Um bom exemplo é o Museu da Inconfidência Mineira, instalado na antiga Casa de Câmara e Cadeia, na central Praça Tiradentes. Outro edifício emblemático, a merecer a admiração dos visitantes, é a Casa dos Contos, um magnífico solar oitocentista de claro perfil português.

A Casa da Baronesa, na Praça Tiradentes, que acolhe actualmente os serviços locais do IPHAN, deve também ser incluída no roteiro, assim como o Teatro Municipal ou a casa de Tomás António Gonzaga (rebelde do movimento independentista da Inconfidência Mineira, exilado depois em Moçambique), onde funciona a Secretaria do Turismo.

Aliás, uma das imagens mais fortes de Ouro Preto é a que evidencia a presença fértil de bons exemplares arquitectónicos e de ruelas que evocam as atmosferas urbanas de algumas povoações do Norte de Portugal.

Caminhe-se, por exemplo, a passo brando pela Rua Direita ou pela Rua da Bobadela, onde nasceu Marília de Dirceu, a musa inspiradora do Tomás António Gonzaga: é uma das muitas artérias onde nos podemos deixar submergir na harmoniosa, cadenciada convivência de sobrados rejuvenescidos e velhas calçadas de pedra.

TURISMO EM OURO PRETO

Este é um guia prático para viagens de turismo a Ouro Preto, com informações sobre a melhor época para visitar, como chegar, pontos turísticos, os melhores hotéis e sugestões de atividades nas cidades históricas de Minas Gerais.

Como chegar

COMO CHEGAR A OURO PRETO

Voar para o Rio de Janeiro ou Belo Horizonte, esta última capital do Estado de Minas Gerais e com fácil acesso a Ouro Preto. Do Rio de Janeiro partem autocarros diários para Ouro Preto; a viagem dura cerca de 5 horas.
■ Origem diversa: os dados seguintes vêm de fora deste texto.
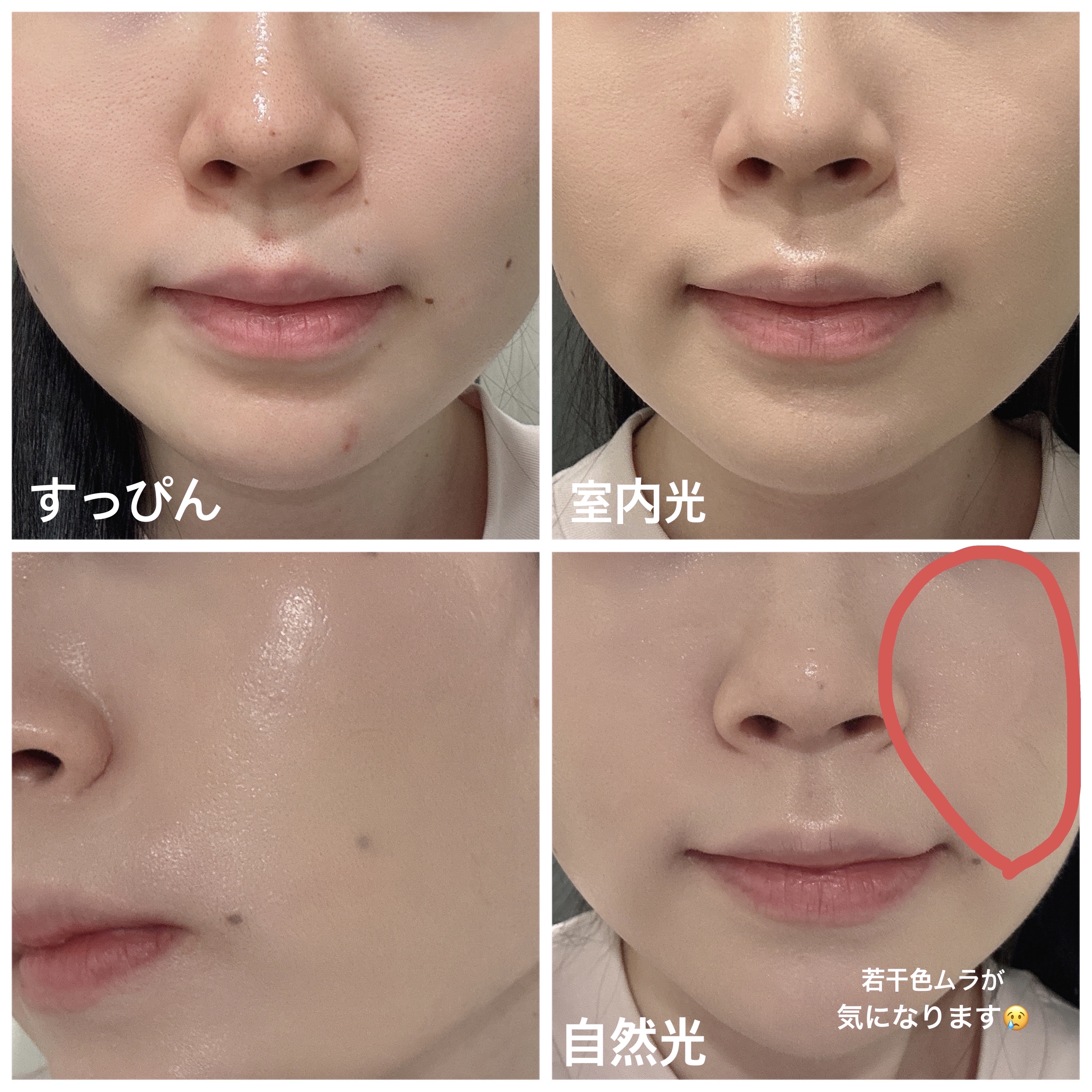 ちょっとツヤで頬が光る程度のセミマット 透け感の淡いピンクで可愛いけど容器分厚いから持ち運びには向かない 毛穴カバーできるけど赤みやクマはカバーされない 時間が経つと頬ガサガサになる😢
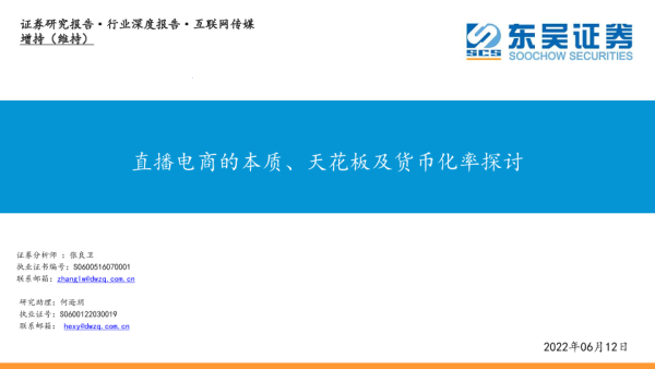 【东吴证券】【20220612】互联网传媒行业深度报告:直播电商的本质、天花板及货币化率探讨-40页

A alternativa de alugar um automóvel concede, obviamente, maior liberdade de movimentos, mas só se aconselha a quem se sentir à vontade nos meandros do trânsito de saída da cidade carioca.

Onde ficar

ONDE DORMIR

Não faltam opções de hotéis e pousadas em edifícios coloniais de Ouro Preto: Listam-se, apenas, três desses exemplos: Hotel Pousada Solar da Ópera, na Rua Conde de Bobadela 79; Hotel Colonial, Travessa Padre Camilo Veloso 26; Pousada Minas Gerais, Rua Xavier da Veiga 303.

Hotéis em Ouro Preto

Gastronomia

RESTAURANTES

O restaurante Casa do Ouvidor, na Rua Conde de Bobadela, é um dos mais prestigiados de Ouro Preto; aí, na acolhedora sala do primeiro andar de um velho sobrado, podem ser degustadas algumas das especialidades gastronómicas mineiras, como o frango com quiabos e a saborosa couve mineira, assim como as boas cachaças produzidas na região.

informações úteis

INFORMAÇÕES ÚTEIS

Há disponível no Brasil uma reedição do Guia de Ouro Preto, escrito pelo poeta Manuel Bandeira (que foi técnico do IPHAN). É uma publicação preciosa, que contém abundante informação sobre o património arquitectónico, religioso e artístico da cidade.